BOC Sciences uses a range of ligand-based drug design tools to advance drug discovery projects when structural information on target proteins is lacking.
In two dimensions, structurally similar molecules may have similar biological activities by targeting the same protein. In three dimensions, molecules of similar size in active pockets of proteins may have the potential to efficiently bind to spaces of the same or similar size.
Ligand similarity comparison and search can help researchers quickly find potential compounds. BOC Sciences has accumulated rich experience in data analysis for a large number of compound collections, providing researchers with a variety of ligand similarity search programs, and performing similarity comparisons by calculating the fingerprint properties of molecules. Protein targets of matching molecules with high similarity can be considered as potential targets for search calculation molecules.
Pharmacophore is a collection of pharmacodynamic characteristic elements, which are structural features required to maintain the activity of compounds, allowing molecules to interact with target proteins in specific binding modes. These features determine the activity of the ligand and can reflect the common atom, gene or chemical functional structure and spatial orientation of the compound on the three-dimensional structure. The basic principle of pharmacophore screening is that the binding of a drug to its protein target is mainly determined by the key functional pharmacophore. Therefore, the matching of these important pharmacophores can be used to find new targets for small molecule drugs.

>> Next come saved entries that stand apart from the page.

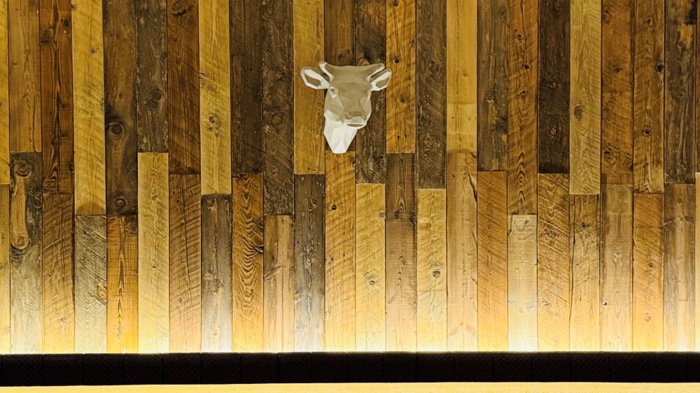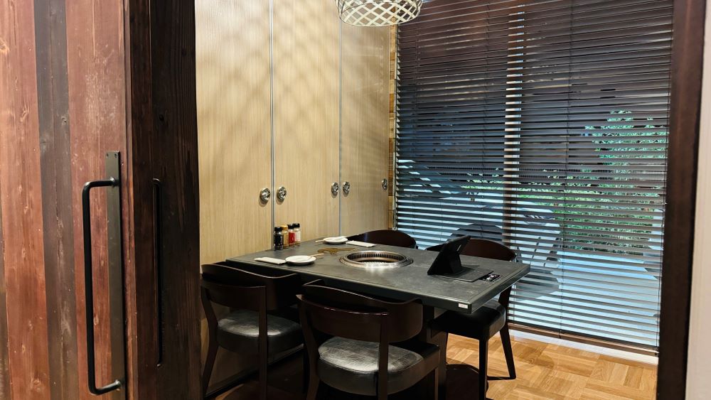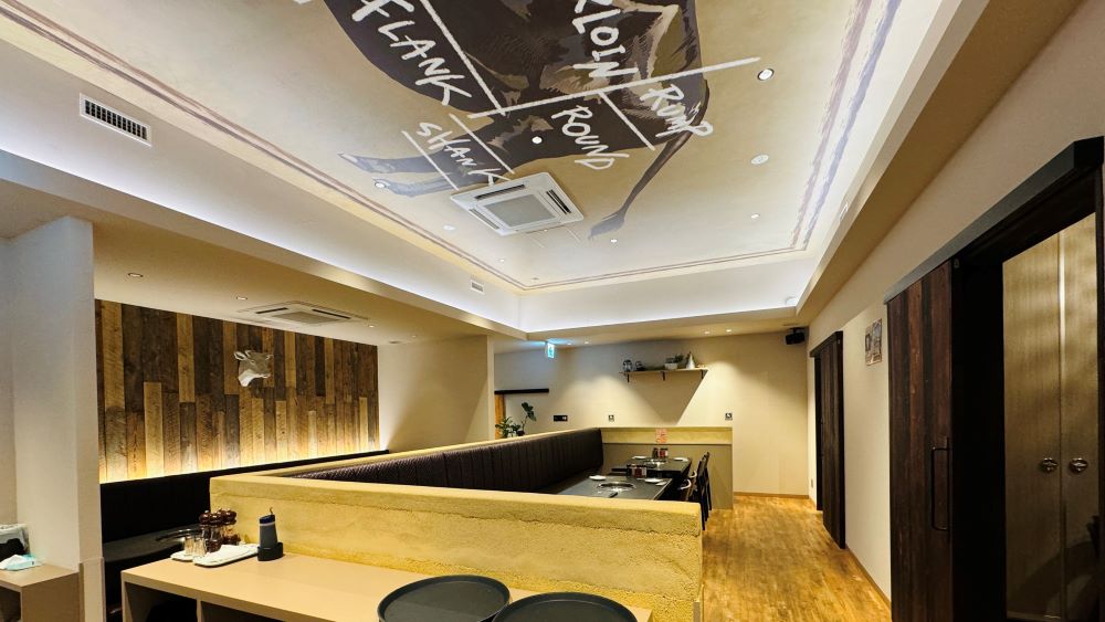 「焼肉ほりにし」の店内は、木の温もりと石の質感を生かしたナチュラルでモダンなデザイン。
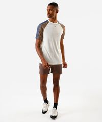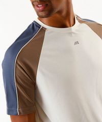 Camiseta masculina confeccionada em malha esportiva. A peça possui gola redonda, mangas curtas modelo raglan em cores contrastantes, caimento reto e solto e acabamento pespontado.
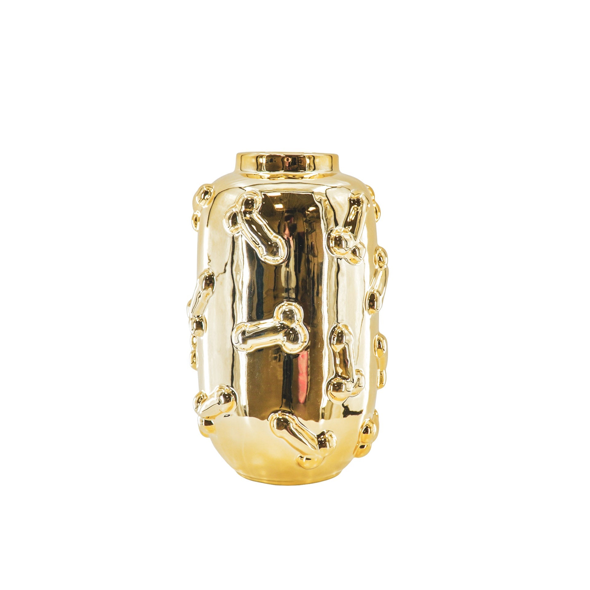 Belangrijke kenmerken: - Gemaakt van keramiek - Waterdicht - Gouden bloemenvaas met piemel design - Afmeting: 17x17x27 cm - Inhoud: 3,4 liter - Van het merk Housevitamin - Perfect voor het toevoegen van een vrolijke touch aan je interieur - Maak een statement in huis met deze opvallende vaas - Een eyecatcher voor in iedere kamer
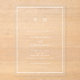 Ces invitations de mariage élégantes et modernes en acrylique clair présentent un design de texte simple et minimaliste, avec un cadre blanc classique à la frontière. Ajoutez vos initiales ou votre monogramme pour les rendre complètement vôtres.
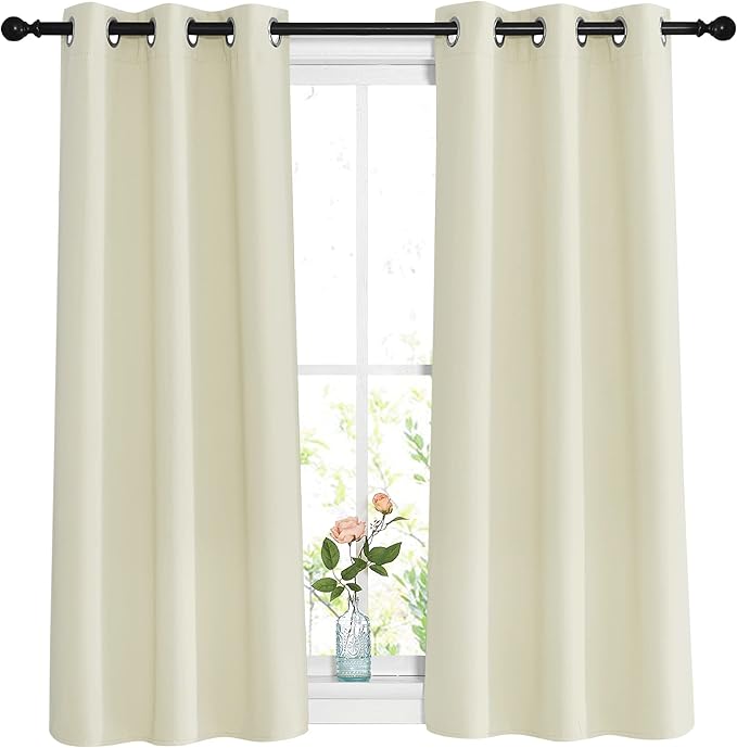 NICETOWN Room Darkening Curtains and Drapes 54 inch Long - Grommet Energy Saving Thermal Insulated Light Blocking Window Treatments for Bedroom (Beige, 1 Pair, W37 x L54)
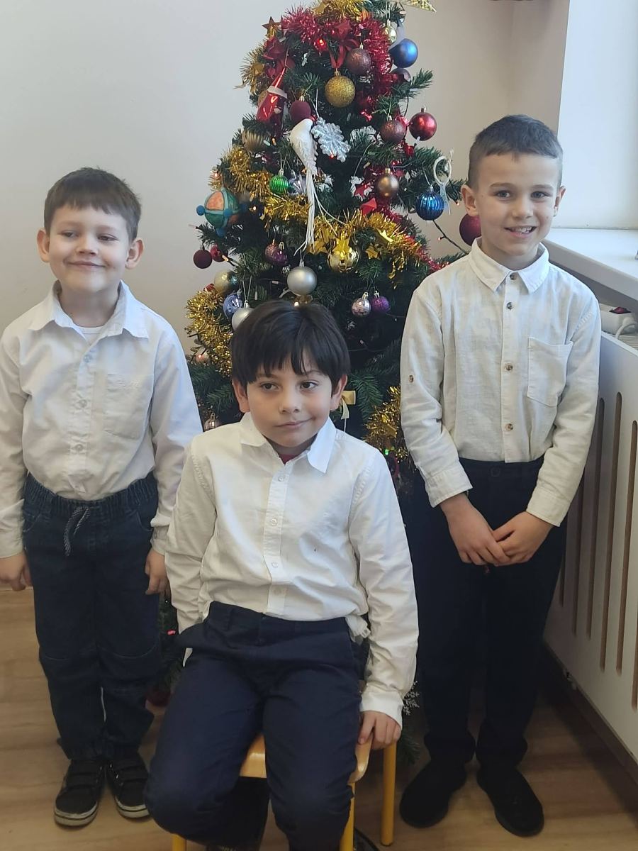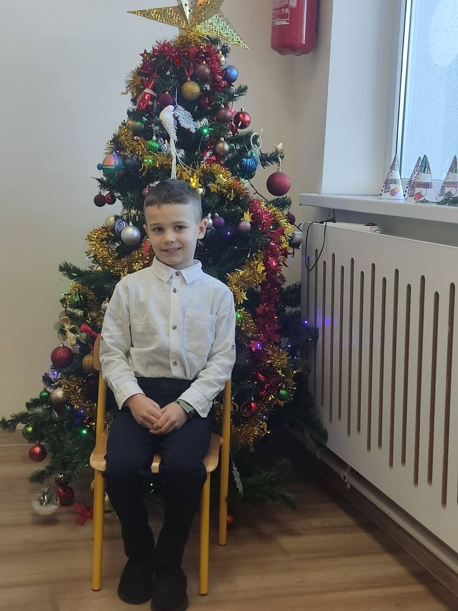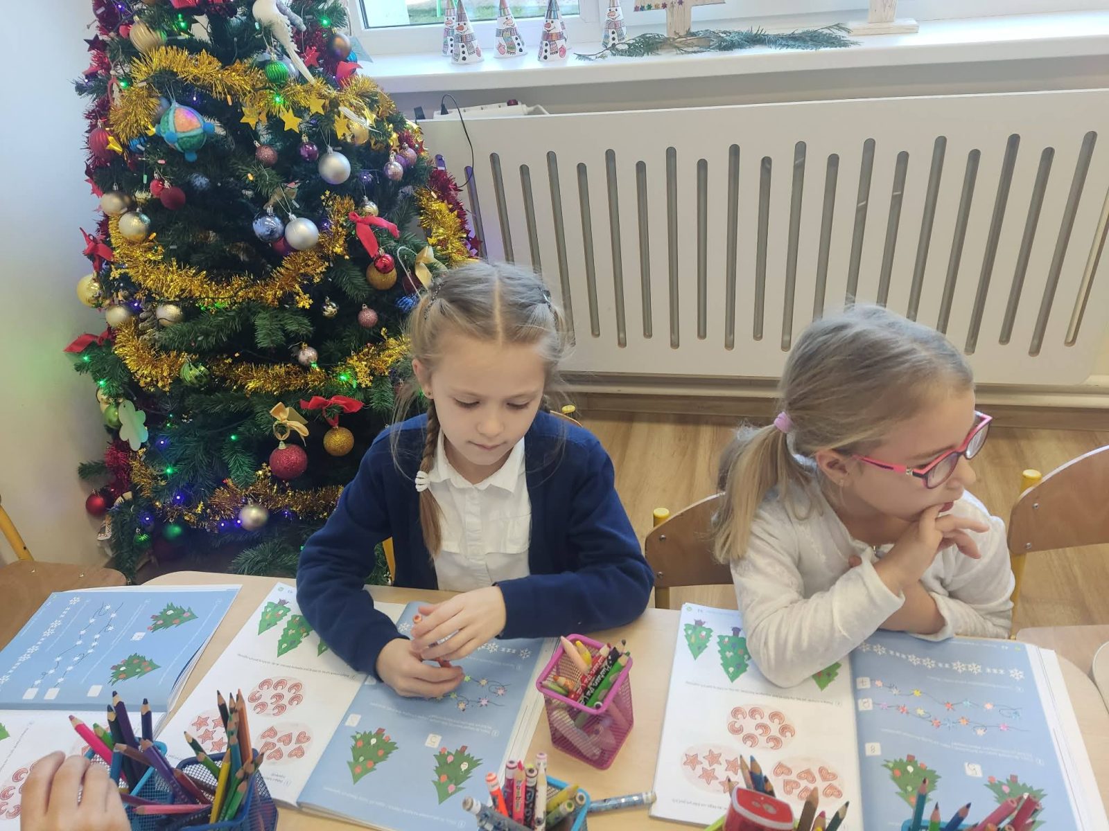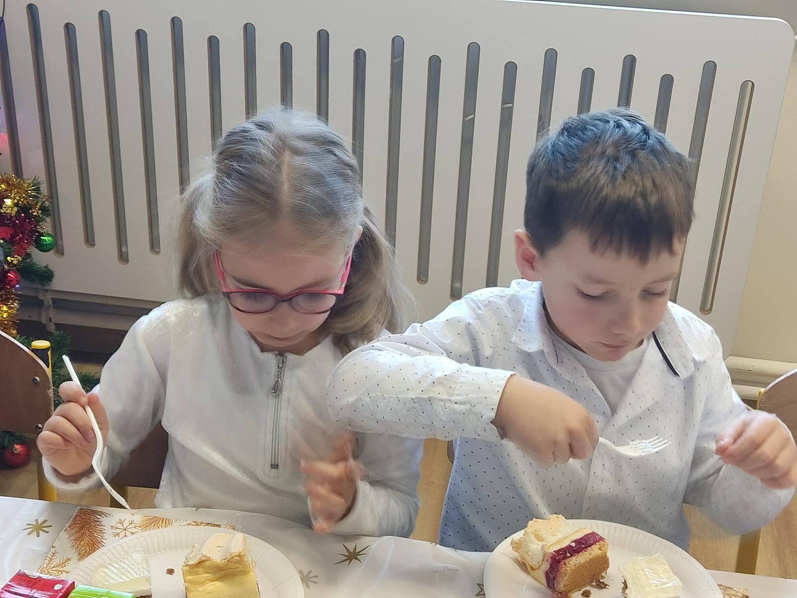 Dziś dzieci z oddziału przedszkolnego spotkały się przy wigilijnym, pięknie przystrojonym stole. Po wspólnej modlitwie i łamaniu się opłatkiem oraz życzeniach świątecznych składanych sobie nawzajem przystąpiliśmy do zjedzenia pysznych ciast. Przy dźwiękach kolęd i wspólnych rozmowach przy wigilijnym stole szybko minął nam czas. W tym świątecznym dniu nie zabrakło też wspólnych zdjęć przy wigilijnym stole i klasowej choince oraz ciekawych zajęć związanych z przygotowaniami do Świąt Bożego Narodzenia.
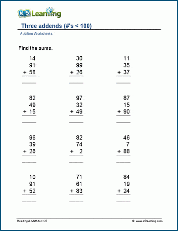 Students add three numbers (0-99) in these addition worksheets. Equations are in vertical format.
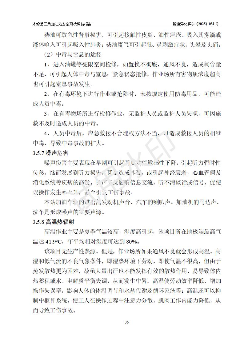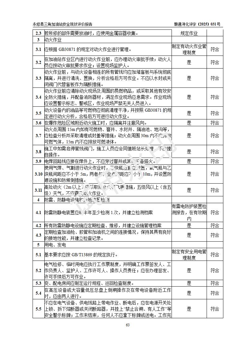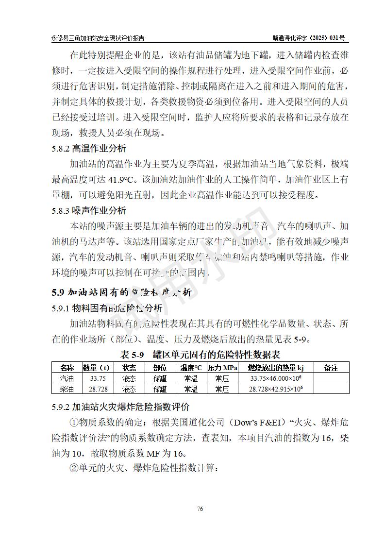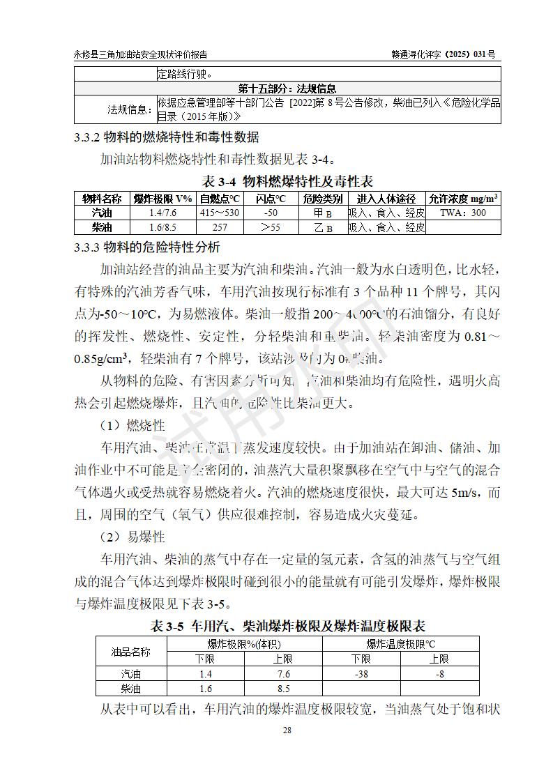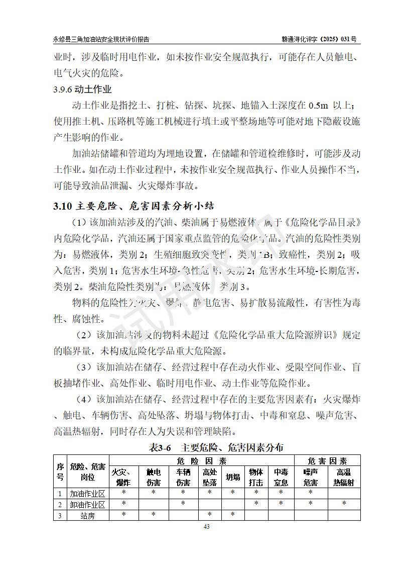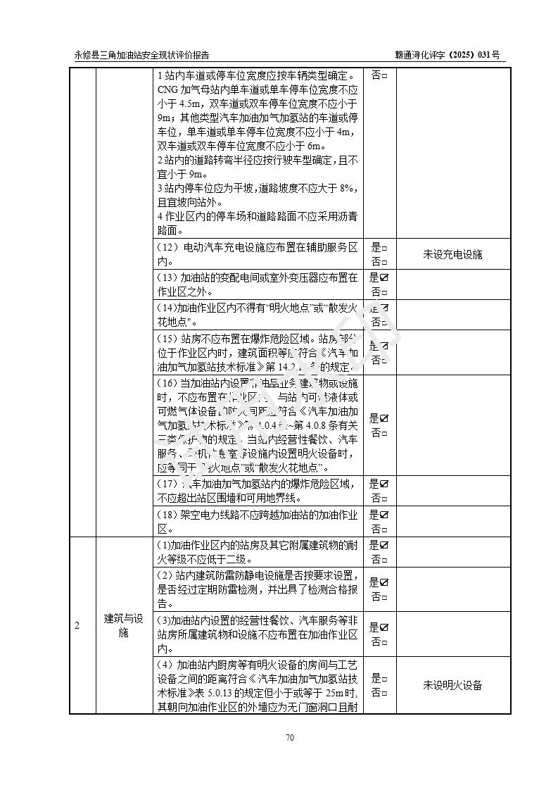 評(píng)價(jià)結(jié)論 | 永修縣三角加油站涉及的安全條件、安全經(jīng)營(yíng)條件、安全生產(chǎn)管理符合《危險(xiǎn)化學(xué)品經(jīng)營(yíng)許可證管理辦法》、《汽車加油加氣加氫站技術(shù)標(biāo)準(zhǔn)》等**有關(guān)法規(guī)、標(biāo)準(zhǔn)、規(guī)范要求,能滿足危險(xiǎn)化學(xué)品經(jīng)營(yíng)安全條件。 | ||||
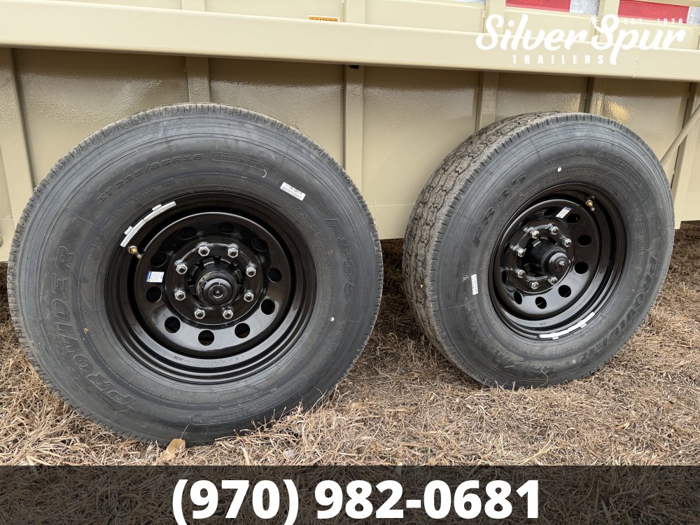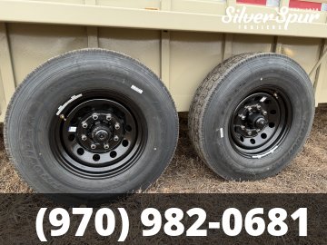 -4 ST235/85R16G Ply Tires on black wheels
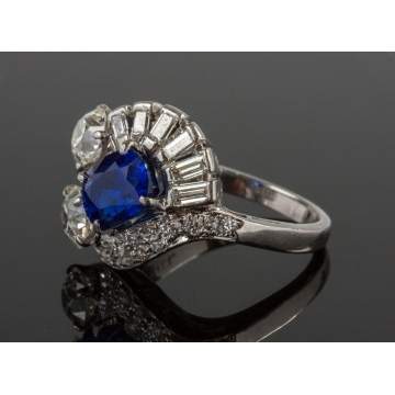 | Palladium setting. AGL report CS 1076637. Natural Corundum sapphire; 2.72 cts; 8.35mm x 6.31mm x 5.33mm. Also set with 11 old European cut diamonds and 3 round single cut's, approx. mounted total weight 0.34 cts. Six straight baguettes, approx. mounted total weight 1.37 cts. Two old European cut diamonds measuring approx. mounted total weight 1.37 cts.; Mounted diameters 5.6mm to 5.78mm and 5.56mm to 5.72mm. Average mounted clarity, internally VVS, both with small nicks around the edge; estimated mounted colors, J & K. Weight 5.8 grams. |
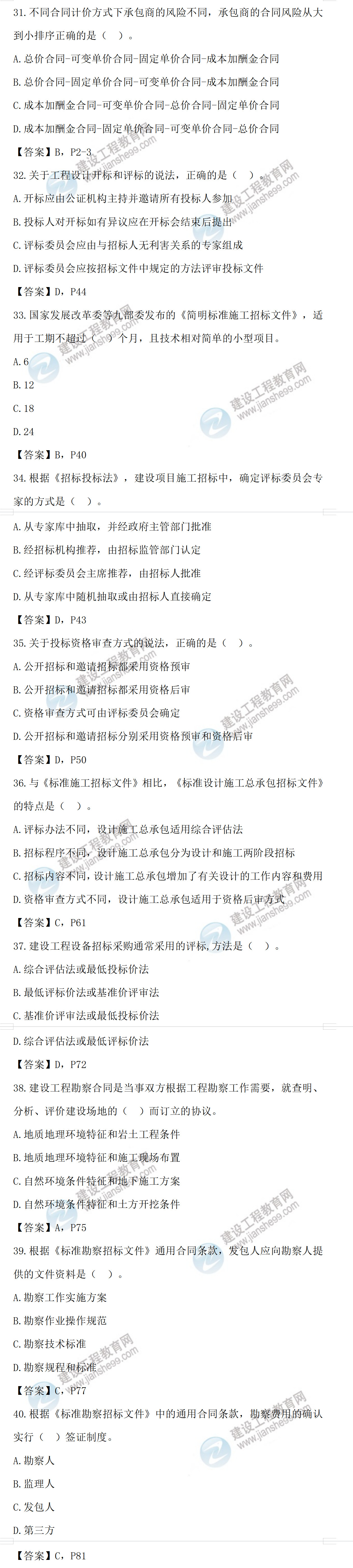 2022年監(jiān)理工程師合同管理考試及答案31-40題(補(bǔ)考)
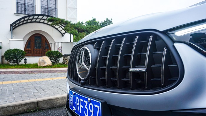前脸采用了AMG直瀑式进气格栅和熏黑的LED大灯组合,展现出强烈的力量感。引擎罩上镶嵌了AMG的徽章,很有辨识度。
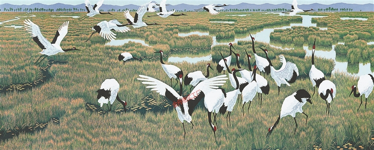 《天地同春 鹤舞丰泽》 版画 147×56cm 杨渝光
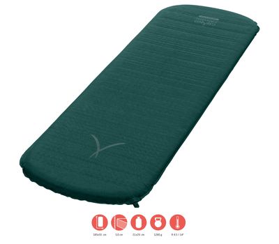 - Самонадувная конструкция обеспечивает наивысший уровень термоизоляции на единицу толщины в сравнении с надувными и закрытоячеистыми ковриками.
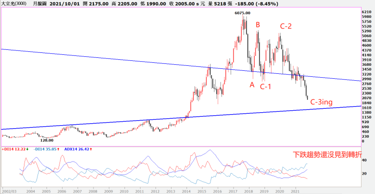 就算用簡單的頸線概念,3370元以上屬於頭部套牢區,照這樣看,低位的支撐線落在1600元附近,可能只是初步的探底過程,以上方三年的頭部規模,對照公司擴廠腳步不放鬆,估計轉折年可能落在2023-2024年,大立光要重返股王的地位,可能就要對玉晶光與舜宇光學祭出專利權官司,讓蘋果沒有其他廠商可選擇。
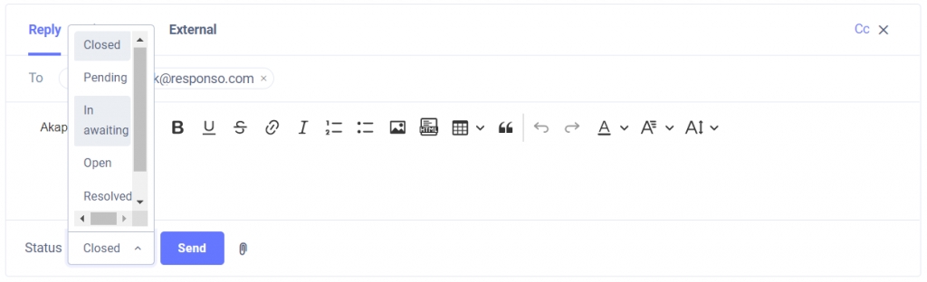 Set open status to a new message – when a new message arrives from the client, the status will automatically change to Open.

BOC Sciences screens drugs by analyzing the common pharmacodynamic profile of known receptor-binding ligands. Based on pharmacophore technology and comparison methods, specific pharmacophore models are constructed for comparing different series of compounds or evaluating new compounds with potential activities.
Scaffold hopping approaches start from known active compounds and obtain novel chemical structures by changing the core structure of the molecule. Finding compounds with novel structures is of great significance to the development of new drugs. Scaffold hopping approaches are not only used in projects with known ligands, but also widely used in lead compound optimization. BOC Sciences uses advanced deep learning algorithms to generate valuable new IP compounds and improve poorly-characterized chemical structures using various scaffold hopping approaches.
Scaffold hopping technology
Molecular property prediction is one of the most fundamental tasks in cheminformatics. The most common of these is the QSAR model. Based on the three-dimensional structure of the ligand and the target, QSAR fits a series of known pharmacological physicochemical properties and three-dimensional structure parameters to a quantitative relationship according to the energy change of the intramolecular energy and the energy change of the intermolecular interaction, and then Therefore, QSAR can not only simulate the structural characteristics of ligands that bind to receptors, but also predict the activity of drugs. BOC Sciences uses known experimental data and cheminformatics models (such as QSAR models, machine learning, etc.) to predict the activity and ADMET properties of new compounds.
BOC Sciences predicts the stable conformation and flexibility of the compound structure with optimal biological activity through geometric optimization and conformational analysis calculated by semi-empirical or QM methods.